The comparison of the velocity models of lines Mobil-2 and iSIMM is summarized in Table 3 and reveals a 0.7 km difference in basalt thickness. In fact, the basalt layer on line Mobil-2 peters out at the cross-point with line iSIMM. The velocities of the LVZ deviate by 0.9 km s−1 at the top but are similar at the base. The depth to the Moho deviates by 1.9 km. Both lines have constraints on the Moho depth, although not at the actual intersection.

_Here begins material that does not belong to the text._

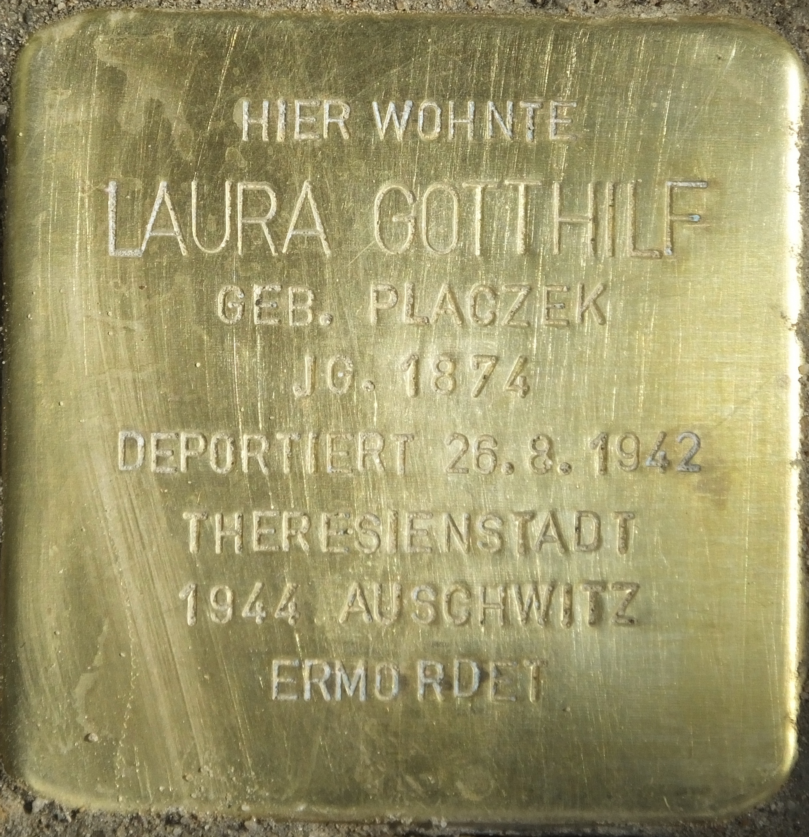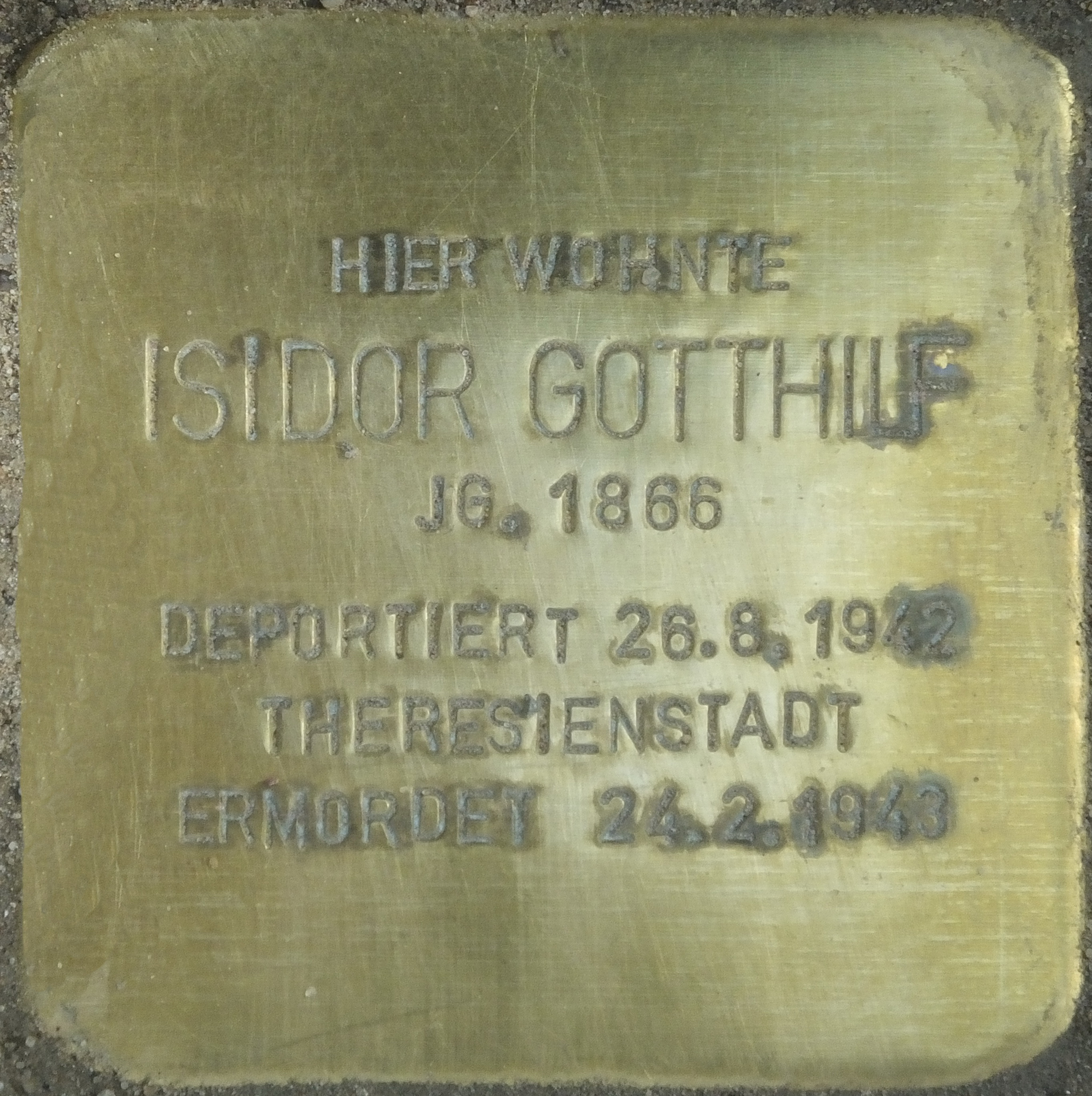 Isidor und Laura Gotthilf wurden am 26. August 1942 am Anhalter Bahnhof in einen Zug, von den Nazibehörden als „51. Alterstransport“ registriert, gesetzt, der sie mit 100 anderen Juden nach Theresienstadt brachte. Isidor Gotthilf starb dort am 24. Februar 1943, der Totenschein) verzeichnet „Enteritis/Darmkatarrh“ als Ursache – eine Umschreibung für Unterernährung und hygienische Missstände. Laura Gotthilf wurde am 16. Mai 1944 aus Theresienstadt nach Auschwitz weitertransportiert (http://www.holocaust.cz/databaze-obeti/obet/12700-laura-gotthilf/) und dort ermordet, der Todestag ist unbekannt.

The modelling of the lines was carried out without incorporation of gravity data and no a priori information on Moho depth was used.

Table 3.

Comparison of features of the velocity models at the intersection of lines Mobil-1 and iSIMM

 Mobil-2 iSIMM 
Moho 19.5 km 17.6 km 
Crystalline basement 7.1 km  
Basalt thickness 0 km 0.7 km 
Basalt velocity 4.7 km s−1 4.8–5.3 km s−1 
Sub-basalt sediment thickness 3 km  
Sub-basalt sediment velocities 3.6–4.5 km s−1 4.5 km s−1 
 Mobil-2 iSIMM 
Moho 19.5 km 17.6 km 
Crystalline basement 7.1 km  
Basalt thickness 0 km 0.7 km 
Basalt velocity 4.7 km s−1 4.8–5.3 km s−1 
Sub-basalt sediment thickness 3 km  
Sub-basalt sediment velocities 3.6–4.5 km s−1 4.5 km s−1 

Comparison of lines FLARE-1, AMG95-1 and FAST

The composite transect of lines FLARE-1, AMG95-1 and FAST (Fig. 4) describes a zigzag path running from the southernmost island of the Faroes to the centre of the Faroe–Shetland Channel, back to the Faroe Islands and from there back into the channel. The velocity modelling along line AMG95-1 (Raum et al. 2005) was carried out in a similar way as described above for line AMG95-2. However, the PmP and Pn phases constrain the Moho depth on line AMG95-1. Raum et al. (2005) provided estimates on the depth uncertainty of interfaces.

Fig. 4.

Comparison of P-wave velocity models of lines FLARE-1, AMG95-1 and FAST. (a) & (b) show different depth scales. Annotated velocities are given in km s−1. The map in the lower left-hand corner shows the location of the composite profile. The shaded area shows the basalt cover.

Fig. 4.

Comparison of P-wave velocity models of lines FLARE-1, AMG95-1 and FAST. (a) & (b) show different depth scales. Annotated velocities are given in km s−1. The map in the lower left-hand corner shows the location of the composite profile. The shaded area shows the basalt cover.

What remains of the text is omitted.